Diversity & Inclusion
Education / Guest posts / Hiring / Workplace culture

Help Camden youth get IT jobs; take this Hopeworks survey

If your tech firm were to hire a young person from Camden without a college degree, what skills or certificates would they need to have? Hopeworks ‘N Camden is looking to find out.

From a recent Hopeworks ‘N Camden business field trip. (Photo courtesy of Hopeworks ‘N Camden)
This is a guest post by Cass Bailey, CEO of Slice Communications and a board member of Hopeworks ‘N Camden. The nonprofit offers a range of programs for underprivileged youth in Camden, N.J.

I’ve had the pleasure of serving on the Board of Directors at Hopeworks ‘N Camden for more than two years now.

If you haven’t already heard of Hopeworks, it’s a nonprofit that works with youth that quite often have dropped out of school. During their time there, they get training in website development while simultaneously working with the Hopeworks staff to understand and heal from the trauma they’ve suffered due to growing up surrounded by poverty and violence.

Some youth even go onto get jobs developing WordPress websites, managing Salesforce, or working on GIS projects, all of which Hopeworks is paid to do by other nonprofits and small businesses.

I’m writing this because I need some help from the technology community here in the Philadelphia area.

The Hopeworks team is currently re-thinking its job training curricula to better prepare the youth and align with the needs of the local economy. We need to know from employers, hiring managers and others in this area if you would hire a young person from Camden without a college degree and what skills or certificates you’d like to see. We’re confident our trauma-informed care approach will help our youth become productive members of the workforce — our outcome data demonstrates that.

Hopeworks’ big goal for the past 15 years or so has been to help youth get their GEDs and enroll in college as a path to new possibilities. Based on what I’ve heard from people in the tech community, though, college may not be the only next step. Some people have said that if a person has solid web development, Ruby on Rails, Drupal, SEO, SEM, .Net, Java and/or mobile skills and can excel in a given work environment, a college degree is not a requirement.
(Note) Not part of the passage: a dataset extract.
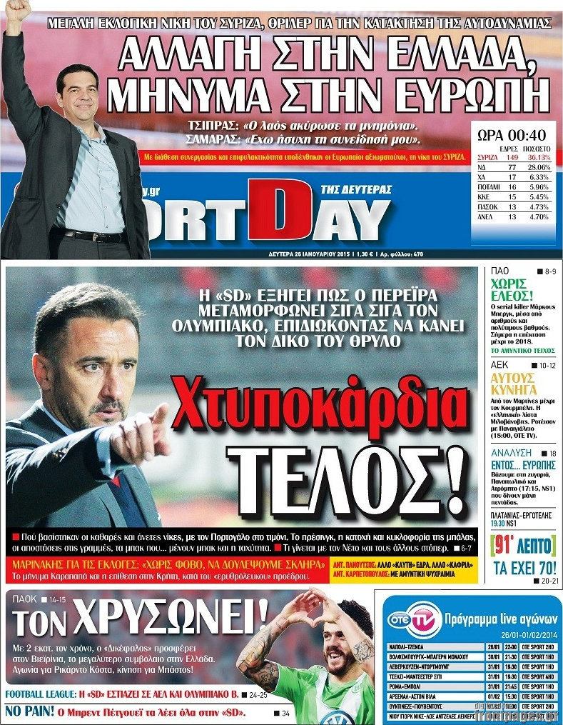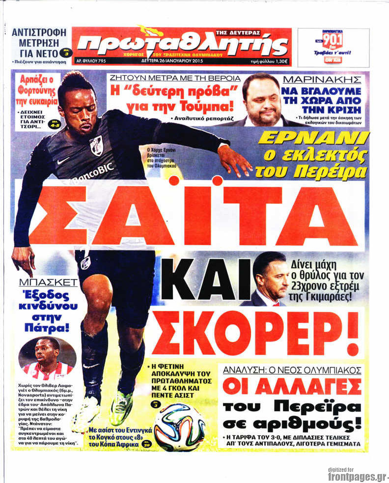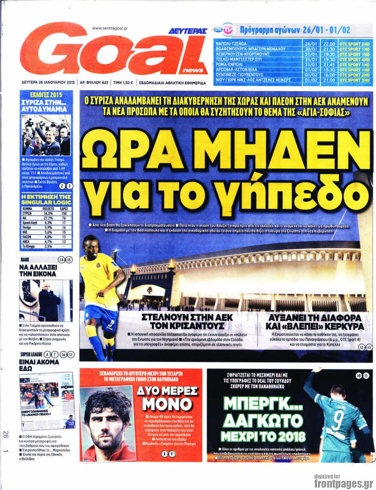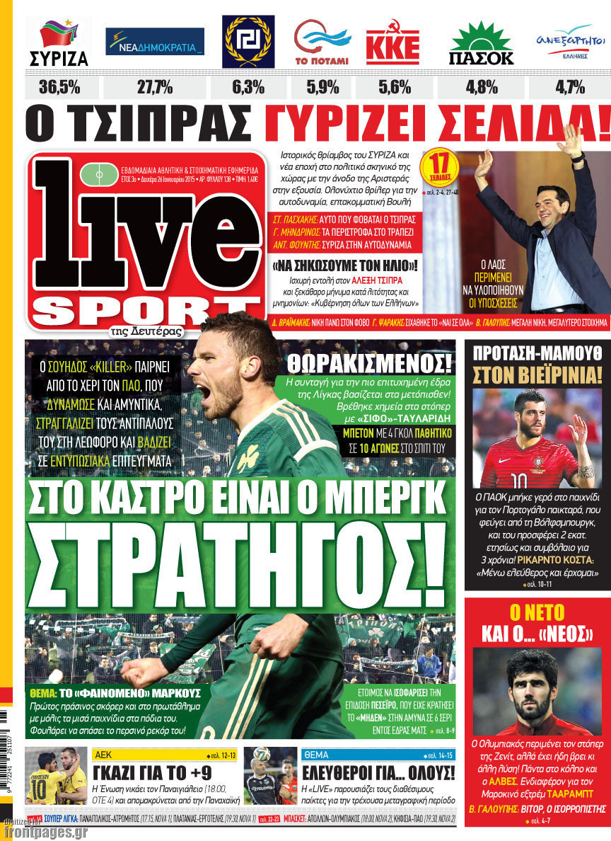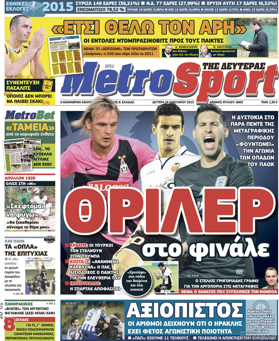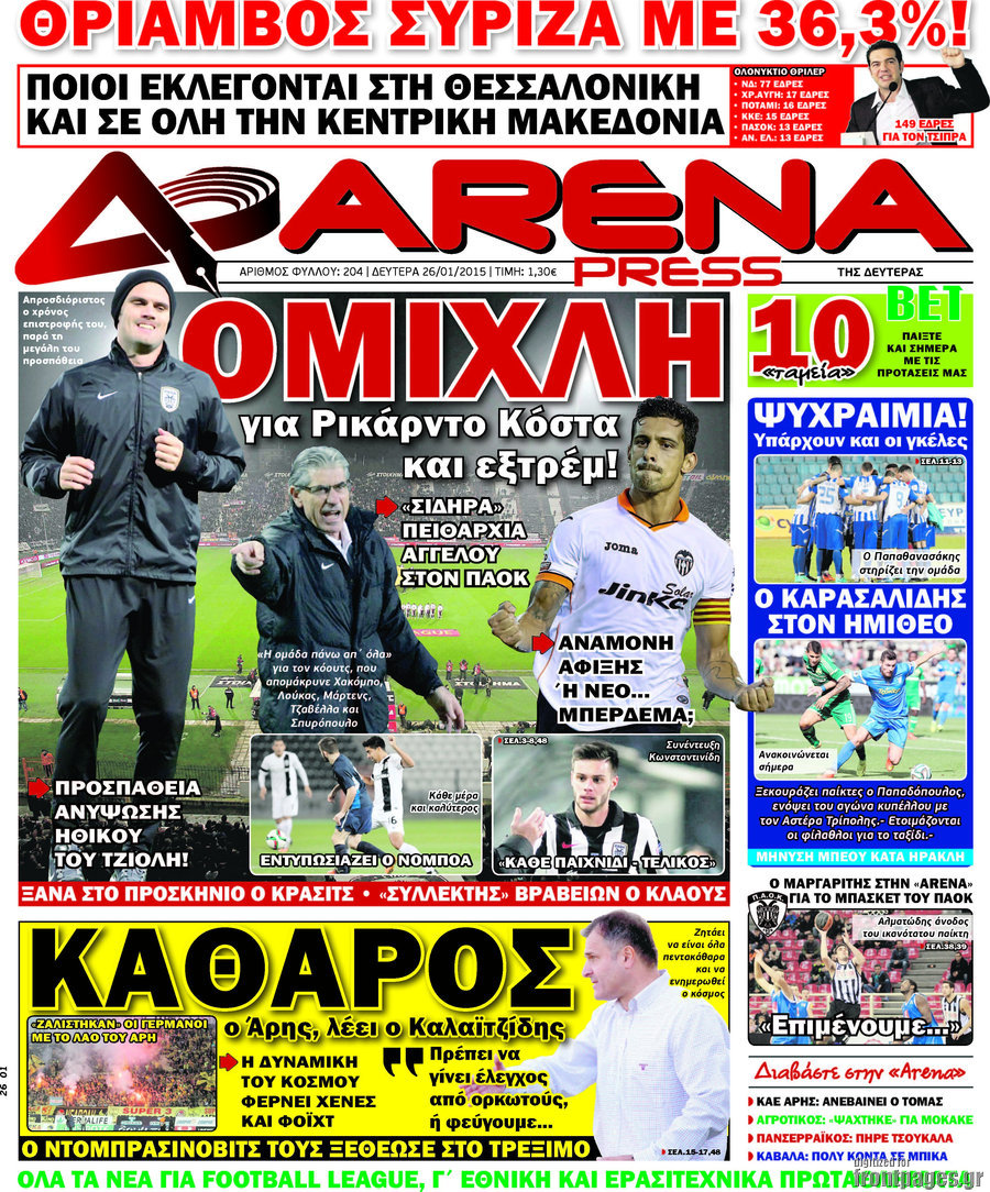 Οι αθλητικές εφημερίδες Enikos Newsroom 08:36, Δευτέρα 26 Ιανουαρίου 2015 Media Διαβάστε τα πρωτοσέλιδα των αθλητικών εφημερίδων: ΑΘΛΗΤΙΚΕΣ ΕΦΗΜΕΡΙΔΕΣ ΕΦΗΜΕΡΙΔΕΣ ΠΡΩΤΟΣΕΛΙΔΑ Μοιράσου το: σχολίασε κι εσύ (0 σχόλια) Ακολουθήστε το enikos.gr στο Google News και μάθετε πρώτοι όλες τις ειδήσεις Δείτε όλες τις τελευταίες ειδήσεις από την Ελλάδα και τον Κόσμο στο enikos.gr Ειδήσεις Ροή Ειδήσεων 15 λεπτά πριν Η Ουκρανία χτύπησε τάνκερ του σκιώδους στόλου της Ρωσίας στη Μεσόγειο – Έπλεε νότια της Κρήτης 2 ώρες πριν Πούτιν: Η Ουκρανία δεν είναι έτοιμη για ειρηνευτικές συνομιλίες – ο ρωσικός στρατός προελαύνει σε όλα τα μέτωπα 3 ώρες πριν Νίκος Παππάς: Ζητώ συγγνώμη για αυτό το επεισόδιο – Δεν τον γρονθοκόπησα 57 λεπτά πριν Θεσσαλονίκη: Άφησαν τα ανήλικα παιδιά τους να κοιμούνται στην αυλή – Κάτοικος ειδοποίησε το «Χαμόγελο του Παιδιού» 18 λεπτά πριν Βουλή: Υπερψηφίστηκε το νομοσχέδιο για την ένταξη του ΟΠΕΚΕΠΕ στην ΑΑΔΕ 4 ώρες πριν Αλλαγή σελίδας για 3 ζώδια – «Μία δύσκολη περίοδος φτάνει στο τέλος της» 2 ημέρες πριν 20 χρόνια τα Χριστούγεννα ξεκινούν στα Public με μεγάλη ποικιλία σε δώρα! 3 ώρες πριν Γεμάτος νεροχύτης; 5 σοβαρές ευθύνες που «φοβίζουν» όσους αφήνουν άπλυτα πιάτα 2 ώρες πριν Ειδικός μοιράζεται 6 κόλπα για να διατηρείστε σε φόρμα με πάνω από 40 ώρες εργασίας την εβδομάδα: «Προπονηθείτε πριν από τη δουλειά, όχι μετά» 2 λεπτά πριν Κουτσούμπας: Οι αγρότες «ανοίγουν δρόμους» για να δυναμώσει ο αγώνας για το δίκιο και την επιβίωση όλου του λαού 6 λεπτά πριν Οι αγρότες έκλεισαν και τα δύο ρεύματα κυκλοφορίας στα διόδια των Μαλγάρων 11 λεπτά πριν Ανδρουλάκης για ΕΛΤΑ: Το σκάνδαλο αυτό είναι η ωμή εκδοχή του κράτους-λάφυρου 15 λεπτά πριν Η Ουκρανία χτύπησε τάνκερ του σκιώδους στόλου της Ρωσίας στη Μεσόγειο – Έπλεε νότια της Κρήτης 16 λεπτά πριν Βουλή: Εγκρίθηκε ο διορισμός της νέας διοικήτριας της Ανεξάρτητης Αρχής Ελέγχου της Αγοράς και Προστασίας του Καταναλωτή ENIKOS NETWORK Τάξη στις ιατρικές διαφημίσεις για την προστασία των πολιτών βάζει ο ΙΣΑ Μακροζωία: Τι παίζει πιο σημαντικό ρόλο ακόμα και από την διατροφή και την άσκηση, σύμφωνα με μελέτη e-ΕΦΚΑ: Νέα παράταση της προθεσμίας υποβολής για τις ΑΠΔ – Ποιες επιχειρήσεις αφορά Αγορά πολυτελών κατοικιών: Αυτές είναι οι προτεραιότητες των αγοραστών – Σε ποιες περιοχές στρέφονται και τι επιλέγουν Χαρτογραφώντας το «σημείο χωρίς επιστροφή»: Για πρώτη φορά αποκαλύπτεται με λεπτομέρεια το ακανθώδες όριο της ατμόσφαιρας τ... Η Google καταργεί τη λειτουργία «dark web report» – Πώς θα μπορούν οι χρήστες να διαγράφουν τα δεδομένα τους περισσότερα 08:00 , Παρασκευή 19 Δεκεμβρίου 2025 Την Κυριακή με τη Realnews: Δωροεπιταγή 10€ Δωροεπιταγή αξίας 10€ για αγορές άνω των 60€ από τα πολυκαταστήματα FactoryOutlet H προσφορά ι... 05:48 , Παρασκευή 19 Δεκεμβρίου 2025 Οι οικονομικές εφημερίδες 19/12/2025 Διαβάστε τα πρωτοσέλιδα από τις οικονομικές εφημερίδες, σήμερα 19/12/2025. 05:43 , Παρασκευή 19 Δεκεμβρίου 2025 Οι αθλητικές εφημερίδες 19/12/2025 Διαβάστε τα πρωτοσέλιδα από τις αθλητικές εφημερίδες, σήμερα 19/12/2025. 05:38 , Παρασκευή 19 Δεκεμβρίου 2025 Οι πολιτικές εφημερίδες 19/12/2025 Διαβάστε τα πρωτοσέλιδα από τις πολιτικές εφημερίδες, σήμερα 19/12/2025. ΤΕΛΕΥΤΑΙΕΣ ΕΙΔΗΣΕΙΣ 6 λεπτά πριν Οι αγρότες έκλεισαν και τα δύο ρεύματα κυκλοφορίας... 11 λεπτά πριν Ανδρουλάκης για ΕΛΤΑ: Το σκάνδαλο αυτό είναι η ωμή... 15 λεπτά πριν Η Ουκρανία χτύπησε τάνκερ του σκιώδους στόλου της... 16 λεπτά πριν Βουλή: Εγκρίθηκε ο διορισμός τη

This is incredibly exciting for me in the context of Hopeworks.

Right now in Camden, the dropout rate is embarrassing, poverty is overwhelming and there is not a lot of hope. But what if young people there had other options?

Sadly, many of us look around at the ills in our communities and don’t know what to do about them. Well, here is one small thing you can contribute to the chronically poorest and most violent city in the country that happens to be in our backyard:

Please take this survey

Send it to your friends and colleagues. You know how powerful data can be, and our Hopeworks team is poised to take advantage of your feedback. If you’d like to get more involved in crafting the curricula, we’d love to work with you. Just fill out your name and contact information at the bottom of the survey.

I love Philadelphia in part because of the supportive business community here. I also know that, together, we can do things we’ve never imagined to make this a great place to live, work and do business for ourselves and our less fortunate neighbors. Thank you in advance.